Lo veremos en muchas situaciones vitales, tanto domésticas como profesionales, lúdicas o biomédicas. Y, sobre todo, en esos momentos de ocio que proporciona la industria turística. Abordar un avión dejará de ser la molestia que es hoy al poder ser reconocidos los pasajeros mediante sus datos biométricos. El hotel ofrecerá experiencias hiperpersonalizadas gracias al análisis de los comportamientos individuales de sus huéspedes y gracias a su capacidad de relacionar esos datos con otras actuaciones digitales quizá inconexas, como la compra de un billete de tren o avión.

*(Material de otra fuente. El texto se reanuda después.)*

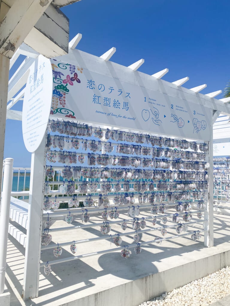 『ウミカジテラス』を歩いていると発見したのは【恋のテラス 紅型絵馬(びんがたえま)】です。
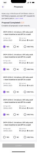 Participating in the on-chain governance voting process on DeFiChain not only allows customers to have a say in the future direction of the blockchain, but also provides an opportunity to earn rewards. These rewards come in the form of DFI, the native token of DeFiChain, and are paid out to voters from fees that are contributed by proposers.
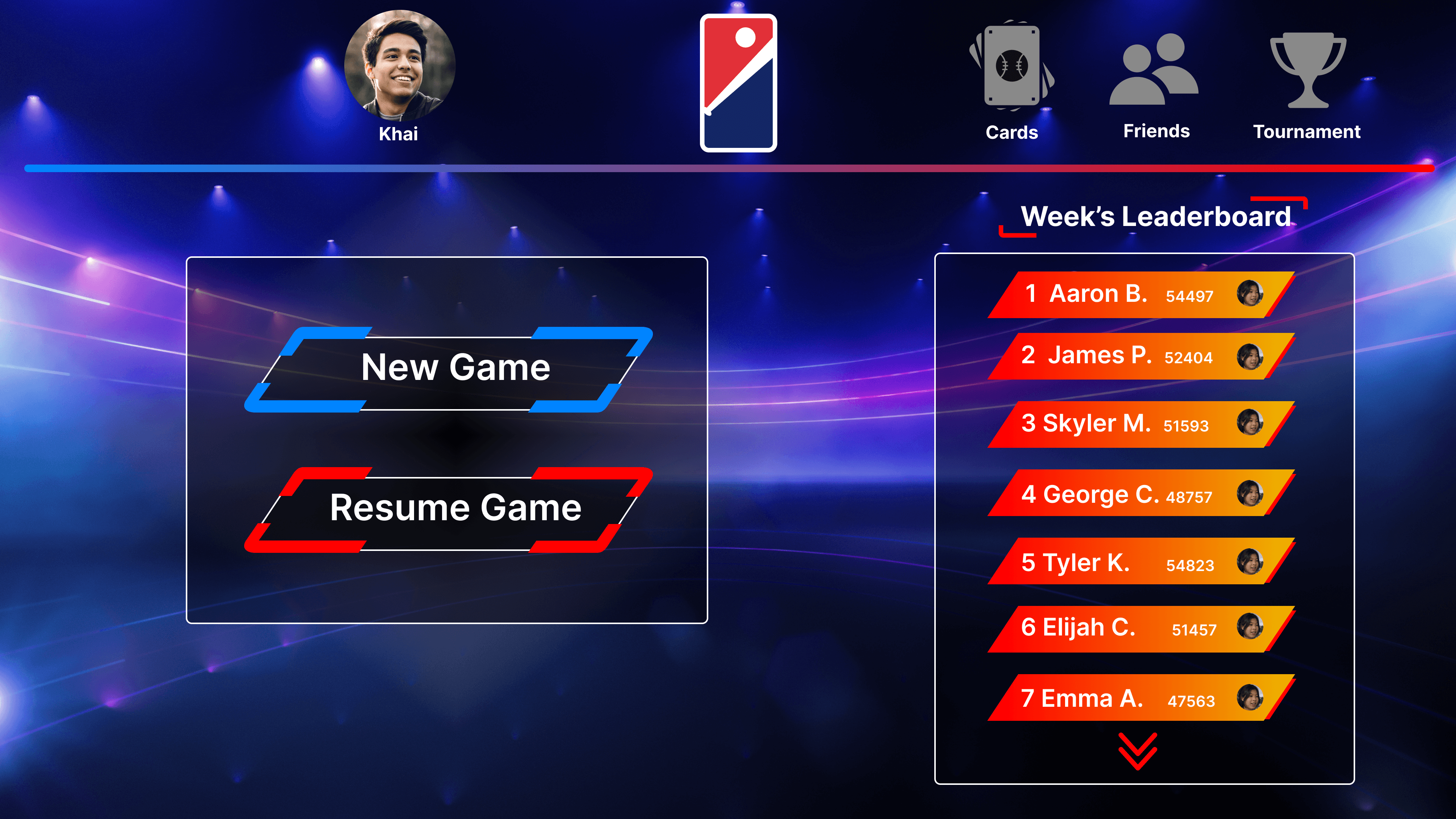 The game launch screen is where users are presented with the option to either start or resume games, while also being able to view the leaderboard for the week's top players. Other features that can be accessed from this screen include trading cards, the ability to connect with friends, and participation in tournaments.
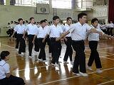 吹奏楽部の演奏に合わせて、各部活動ごとに大きな掛け声とともに
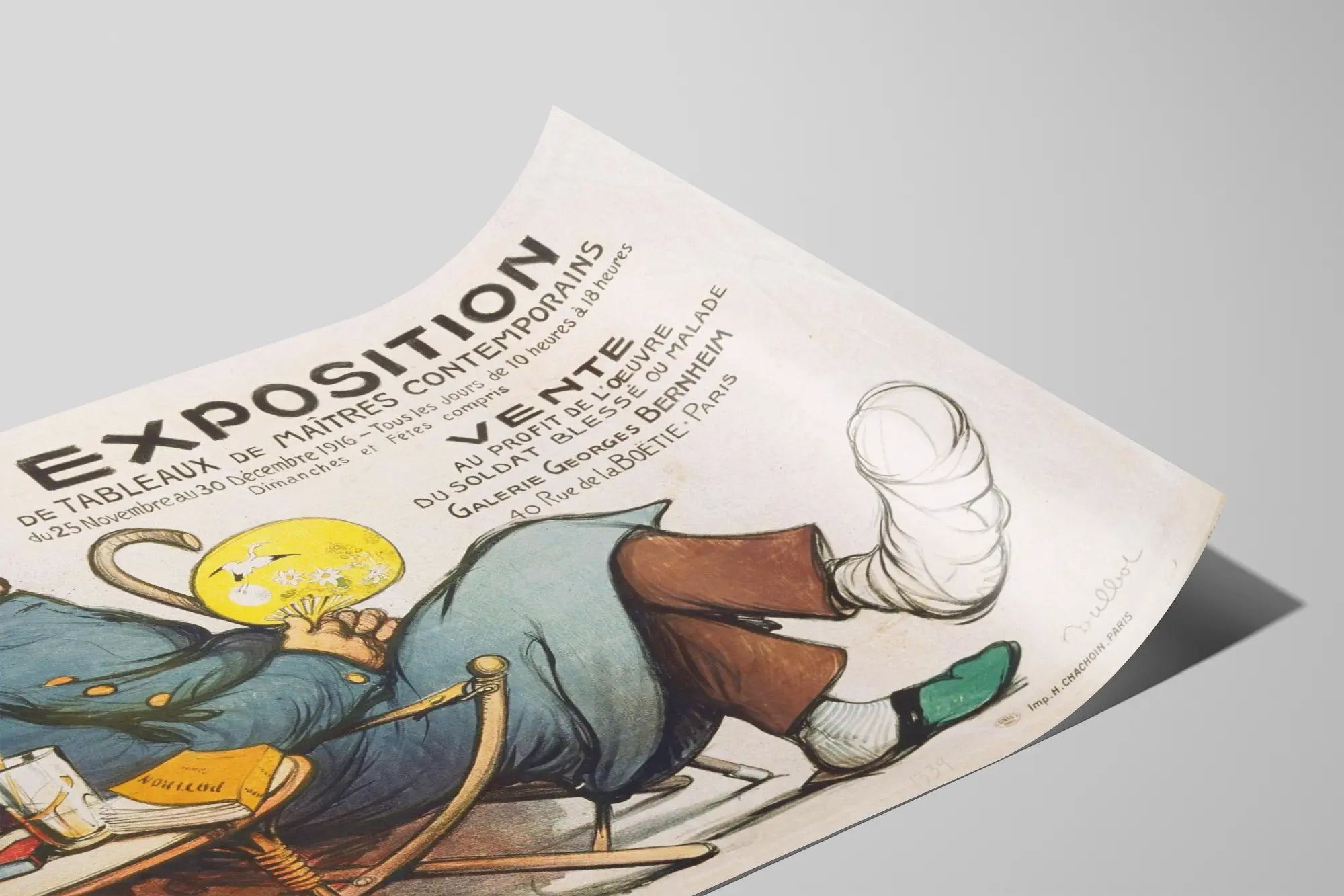 Découvrez cette affiche vintage exceptionnelle qui annonce une exposition de tableaux de maîtres contemporains, organisée à Paris en 1916. Ce poster publicitaire se démarque par son illustration détaillée représentant un soldat blessé, assis dans un fauteuil, symbole de l'œuvre caritative en faveur des soldats blessés ou malades. L'événement se déroulait à la Galerie Georges Bernheim, située au 40 rue de la Boétie, un lieu emblématique pour les amateurs d'art et de décoration murale du début du XXe siècle.
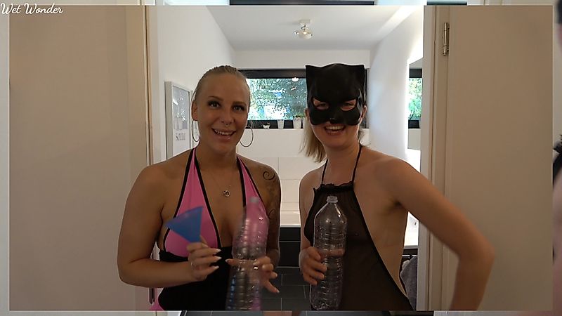 Heute bin ich zu Besuch bei meiner Freundin Lara. Wie ihr ja bereits bestimmt schon mitbekommen habt, machen wir beide ja sehr gerne den ein oder anderen Natursekt Clip. Da haben wir uns die Frage gestellt, wer von beiden wohl mehr durch einen Trichter in eine Flasche P**sen kann? Wir haben dazu beide die gleiche Menge Wasser getrunken und nach einer halben Stunde uns eine leere Flasche sowie einen Trichter genommen und dann mal los gelegt. Wer hatte jetzt am Ende mehr P**se in der leeren Flasche und hat somit die challenge gewonnen? Was meint ihr?
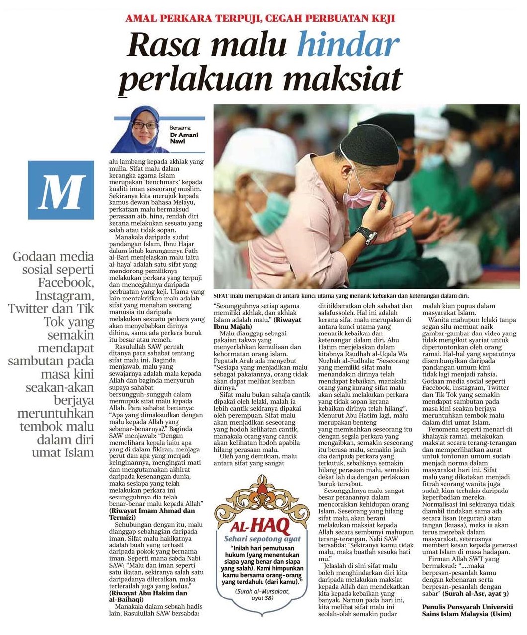 Rasa malu hindar perlakuan maksiat

El despliegue de la tecnología móvil 5G culminará en el denominado Internet de las Cosas donde la conexión e interacción entre los objetos, y entre éstos y las personas, terminará configurando el antes citado Internet del Comportamiento.

A tenor de un estudio publicado en la revista PNAS sabemos hoy que las grandes distribuidoras son capaces de predecir con exactitud la recaudación de determinadas películas en taquilla, las cifras de ventas de videojuegos en sus primeros días de estreno y las listas de éxitos musicales en zonas geográficas diferenciadas. Más de la mitad de los encuestados en otro estudio de Mediapost, concretamente el 57,4%, confía en la gestión de sus datos por parte de las plataformas de cine, música y videojuegos. Cerca de un 30% incluso matiza que nunca ha tenido un problema con la utilización de sus datos. Más de un 18% de los encuestados dio su consentimiento para recibir información. Y un 9,5% dice fiarse completamente de las plataformas porque recibe de ellas un servicio totalmente ajustado a sus gustos. Aunque hoy todavía cuatro de cada 10 encuestados desconfían de ellas por no conocer bien la finalidad del tratamiento de sus datos personales.

En conclusión, una de cada tres personas está a favor de ceder sus datos siempre que no sean sensibles y que les beneficie en algo. Otro tercio prefiere no recibir comunicaciones o promociones si para ello es necesario facilitar referencias personales. Un 16,5% está de acuerdo si es para participar en concursos o recibir descuentos. Y, finalmente, otro 14,6% desea recibir comunicaciones personalizadas con productos o servicios de interés para ellos.

Es previsible que en una sociedad digital los ciudadanos estén expuestos a este Internet conductual más o menos ajustado a las normas culturales y legales del momento. ¿Qué sucederá en sociedades menos abiertas y con mayores exigencias en la protección de los datos personales? Es altamente probable que la inteligencia artificial los interprete e introduzca con las debidas garantías en el sistema de gestión del Internet del Comportamiento.